Les robes noires protestent à nouveau contre le projet de loi proposé par la chancellerie.
L’institution judiciaire est en crise. Les participants à l’assemblée générale des membres des 15 barreaux du pays, tenue les 14 et 15 octobre derniers, sont d’accord. Et à l’issue de cette AG, très animée, les avis étaient partagés d’où le huis clos.
Un, observer trois journées de protestation les 25, 26 et 27 du mois en cours ; deux, de geler l’assistance judiciaire ; trois, d’amender le code de procédure civile conformément aux recommandations du conseil national ; quatre, d’enrichir le code de procédure pénale en tenant compte de la commission nationale ; cinq, de créer une mutuelle des avocats ; six, de plaider pour une TVA de 5% au lieu des 17% que l’avocat acquittera de préférence sous forme de timbre fiscal, etc. Et en dernier, l’amendement du projet de loi à travers certains articles, jugés problématiques, exigeant des clarifications, voire la suppression.
C’est en tout cas cette dernière recommandation, qui a suscité des controverses. Elle a constitué une ligne de démarcation entre les deux tendances qui se sont opposées jusqu’à quasiment la fin de la séance. Et pour cause ! Quatre barreaux dont celui d’Alger, fort de ses 6 000 avocats, étaient pour le retrait du projet de loi.
Cette position est justifiée, selon Me Bourayou, “par une régression des droits de la défense”. Plus encore, ce texte, a-t-il poursuivi, est “en contradiction totale avec les orientations du président de la République qui, lors de son discours d’avril dernier, a souligné la nécessité d’ouvrir le pays vers les libertés publiques et des droits humanitaires”.
Il se trouve, a expliqué Me Bourayou, que contrairement aux anciens textes régissant la profession d’avocat, le nouveau texte n’a pas bénéficié des nouvelles orientations du président de la République et de la commission de réforme politique.
C’est la raison pour laquelle une
partie non négligeable des membres des
barreaux avait milité pour son retrait pur et simple. Car on considère que le texte “va réduire considérablement le rôle de la défense et ramener le procès à l’omnipotence du juge et dans lequel l’avocat n’est qu’un alibi pour un simulacre de justice”.

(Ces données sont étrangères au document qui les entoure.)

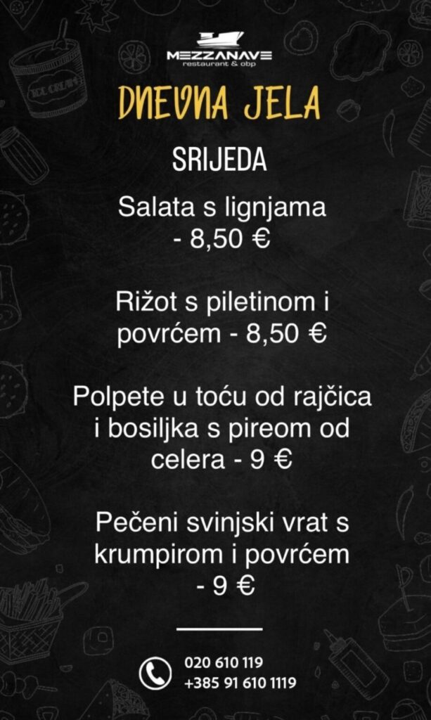 Restoran Mezzanave, Dr. Ante Starčevića 24, telefoni: 020 610 119, 091 610 1119, moguća dostava
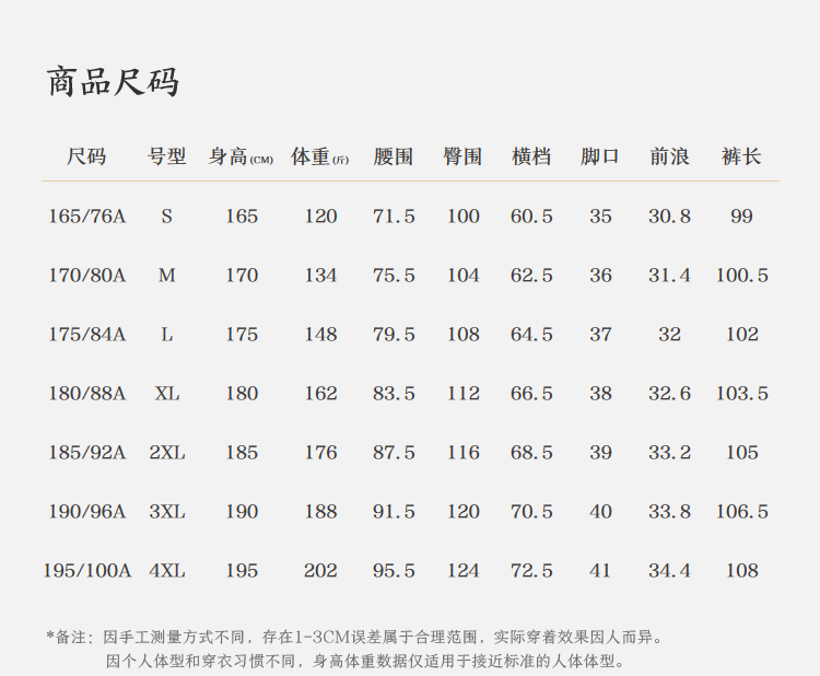 China (cm) 160-165/84-86 165-170 / 88-90 167-172 / 92-96 168-173 / 98-102 170-176 / 106-110

L’autre tendance pense, au contraire, qu’il n’y a pas lieu de rejeter le projet de loi. Lequel projet a été, selon le bâtonnier de Constantine, élaboré par des anciens bâtonniers à la fin de l’année 1997. Quant au reproche de mise sous tutelle du pouvoir politique à travers les ministères de la Justice, de la famille et de la défense, Me Si Youcef du bâtonnat de Tizi Ouzou réfute en bloc “cette allégation”. Écoutons-le : “Je n’accepterai jamais d’être sous la coupe du ministère de la Justice ou de l’administration en général. Par conséquent, je suis pour des amendements, des clarifications, mais il n’est
pas question de revenir au texte de 1991”, jugé obsolète.
Pour rappel, l’AG de l’Union des organisations du bâtonnat survient après le mouvement initié par le barreau d’Alger, qui a observé en juin dernier un débrayage où il a été réclamé le retrait définitif de ce texte. Une revendication réitérée au cours de l’AG d’hier par le bâtonnier d’Alger, Me Sellini, qui craint “une clochardisation” de la profession d’avocat.
Une position qui tranche néanmoins avec celle du président de l’Union des barreaux d’Algérie (Unba), Me Lanouar Mustapha. “C’est nous qui avons participé à l’élaboration de ce projet. C’est vrai qu’il y a eu, avec les directeurs du ministère et autres, quelques erreurs qu’il est possible de corriger. Le ministère nous a promis de le faire”, a-t-il affirmé.